Action item →
The records below need to be set down again exactly; their images stay out.

#### Recorded information

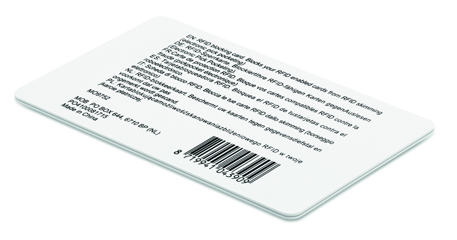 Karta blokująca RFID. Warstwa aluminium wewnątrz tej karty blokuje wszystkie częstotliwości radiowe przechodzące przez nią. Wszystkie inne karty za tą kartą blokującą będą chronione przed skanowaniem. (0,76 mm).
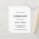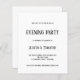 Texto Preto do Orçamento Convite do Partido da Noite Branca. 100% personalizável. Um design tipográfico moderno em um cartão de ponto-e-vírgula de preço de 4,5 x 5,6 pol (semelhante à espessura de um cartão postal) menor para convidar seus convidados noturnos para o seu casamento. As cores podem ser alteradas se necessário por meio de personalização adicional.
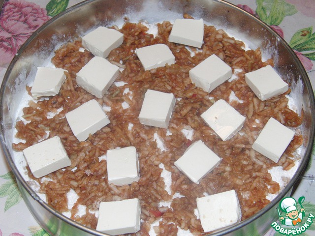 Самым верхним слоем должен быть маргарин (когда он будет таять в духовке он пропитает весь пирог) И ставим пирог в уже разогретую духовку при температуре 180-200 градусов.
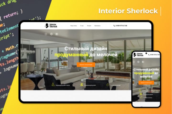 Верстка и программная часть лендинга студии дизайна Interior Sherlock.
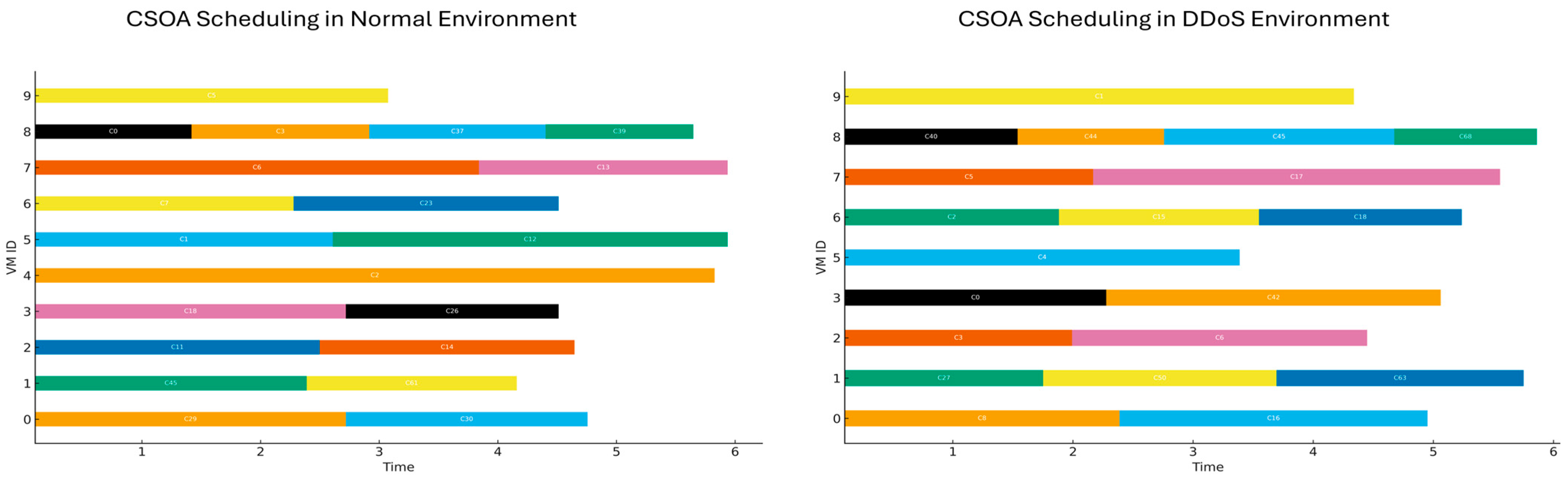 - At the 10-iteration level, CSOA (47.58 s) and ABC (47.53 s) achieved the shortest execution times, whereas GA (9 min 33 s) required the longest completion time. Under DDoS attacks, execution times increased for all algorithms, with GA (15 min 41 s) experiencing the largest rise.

########

Answer for the task →
 Karta blokująca RFID. Warstwa aluminium wewnątrz tej karty blokuje wszystkie częstotliwości radiowe przechodzące przez nią. Wszystkie inne karty za tą kartą blokującą będą chronione przed skanowaniem. (0,76 mm).
 Texto Preto do Orçamento Convite do Partido da Noite Branca. 100% personalizável. Um design tipográfico moderno em um cartão de ponto-e-vírgula de preço de 4,5 x 5,6 pol (semelhante à espessura de um cartão postal) menor para convidar seus convidados noturnos para o seu casamento. As cores podem ser alteradas se necessário por meio de personalização adicional.
 Самым верхним слоем должен быть маргарин (когда он будет таять в духовке он пропитает весь пирог) И ставим пирог в уже разогретую духовку при температуре 180-200 градусов.
 Верстка и программная часть лендинга студии дизайна Interior Sherlock.
 - At the 10-iteration level, CSOA (47.58 s) and ABC (47.53 s) achieved the shortest execution times, whereas GA (9 min 33 s) required the longest completion time. Under DDoS attacks, execution times increased for all algorithms, with GA (15 min 41 s) experiencing the largest rise.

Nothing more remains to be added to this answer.